Greater sensitivity for mosaic detection will also be useful for the diagnosis of genetic disorders, such as Pallister-Killian syndrome, caused by supernumerary chromosomes which are negatively selected in phytohaemagglutinin (PHA) stimulated peripheral blood lymphocytes, requiring skin biopsy for chromosomal analysis, and are lost over time in actively dividing tissues, such as bone marrow, impacting diagnosis in older children and adults (Izumi et al., 2014). High rapidity, accuracy, resolution and sensitivity for uSV detection, even at mosaic state, make ONT an efficient diagnostic tool that can identify cytogenetic and microscopic anomalies in a single analysis, considerably reducing turnaround times. Per-spective studies on large cohort of patients addressed to karyotyping and aCGH are needed to test ONT performance in routine clinical settings.
Funding
This work has been supported by the Associazione Italiana per la Ricerca sul Cancro (AIRC Investigator Grant 20307, “Third Generation Cancer Genomics”).

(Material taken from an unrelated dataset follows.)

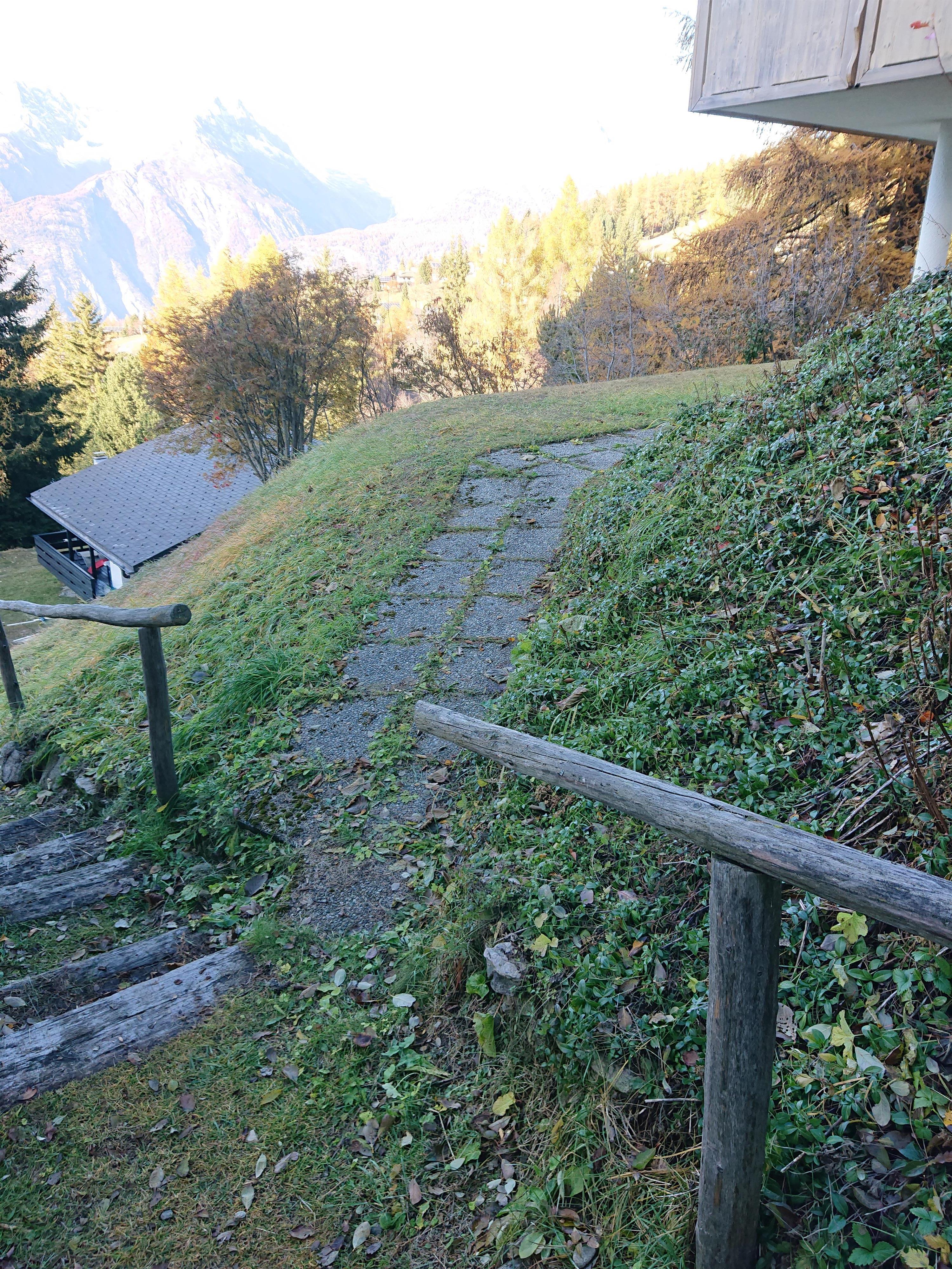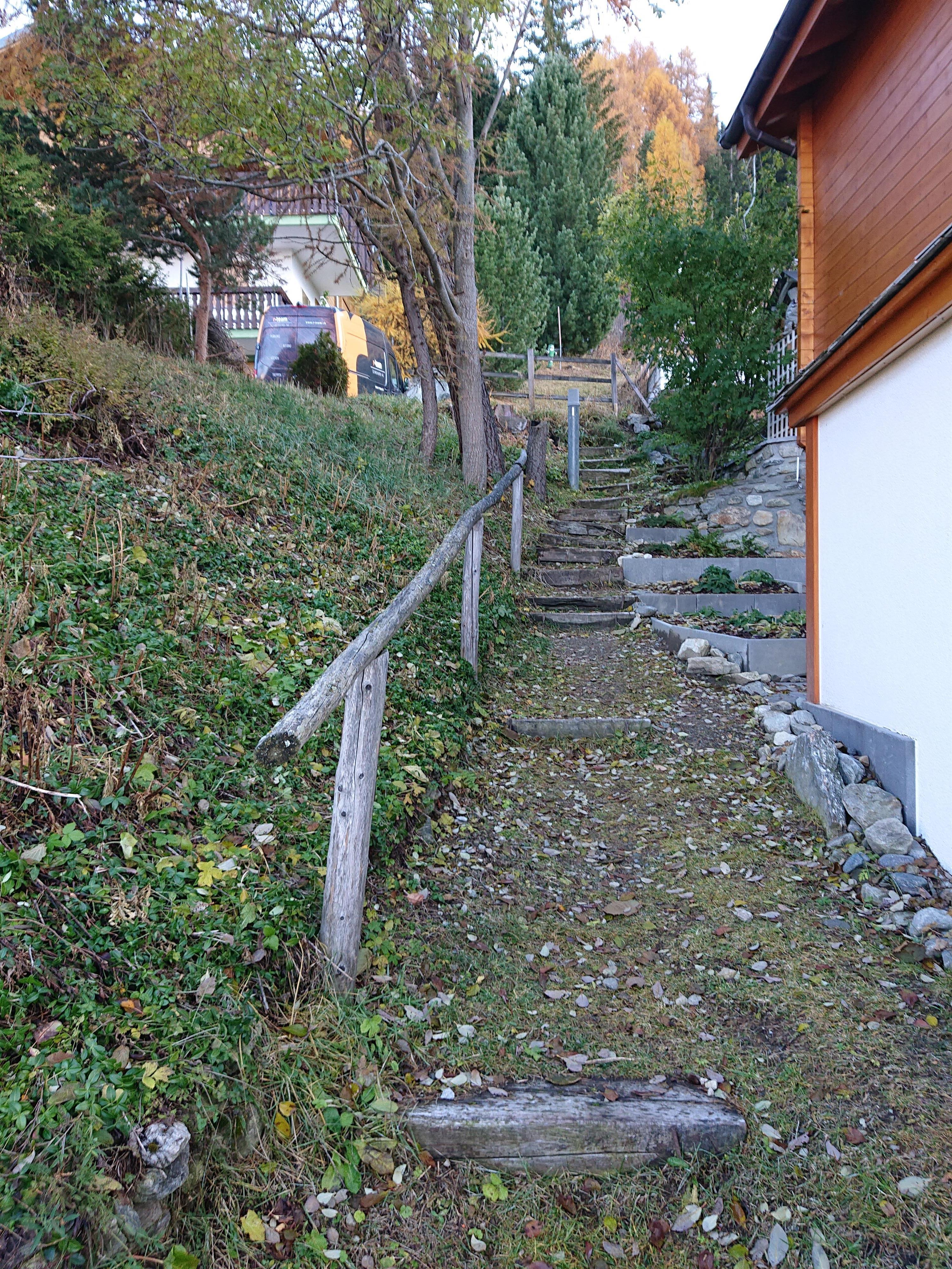 Freizeitaktivitäten in unmittelbarer Umgebung (z.B: Mountainbike-Trail in 2 min, Suonenwanderweg in 5 Gehminuten, Postbus in 7 Gehminuten, Alpuschnaager (Moosalp Schlittenweg; Schneeschuhwanderweg) in 10 Gehminuten. Der Kinderspielplatz und Lebensmittelgeschäft sind ebenfalls in wenigen Minuten erreichbar.
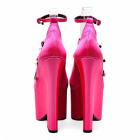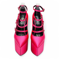 Versace Tempest Strappy Satin Platform Pumps – Pink – EU 37.5 / US 7.5 – NWB – $1,445 Step into bold luxury with these Versace Tempest Platform Pumps in striking pink satin. This high-impact silhouette features wraparound ankle straps, a towering stiletto heel, and a dramatic platform that combines fashion-forward edge with signature Versace elegance. * Brand: Versace * Model: Tempest Platform Pumps * Color: Pink * Material: Satin upper with leather sole * Size: EU 37.5 / US 7.5 * Heel Height: Approx. 7 in * Platform: Approx. 3 in * Condition: New With Box (NWB) * Made in: Italy * Retail Price: $1,445 These glamorous pumps are perfect for special events, evening looks, or collectors of bold designer footwear. Authentic. Ships securely. THE PRICE IS FIRM due to minimal profit margins.

Data Availability Statement
Nanopore sequencing data are not publicly available since patients did not consent for genetic data sharing.
Ethics declarations
Contributions
Conceptualization: Alberto Magi, Tommaso Pippucci. Investigation: experiments: Pamela Magini, Alessandra Mingrino, Patrizia Mongelli, Laura Desiderio, Maria Carla Pittalis. ; computational analyses: Barbara Gega, Pamela Magini, Roberto Semeraro, Gianluca Mattei, Davide Bolognini. ; Methodology: Pamela Magini, Alberto Magi, Tommaso Pippucci. Writing—original draft: Pamela Magini, Alberto Magi, Tommaso Pippucci. Writing—review editing: all authors.
Competing interests
All the authors declare no competing interests.
Ethics declaration
Individuals were referred by clinical geneticists for genetic testing as part of routine clinical care. All patients enrolled and/or their legal representative signed informed consent for research use.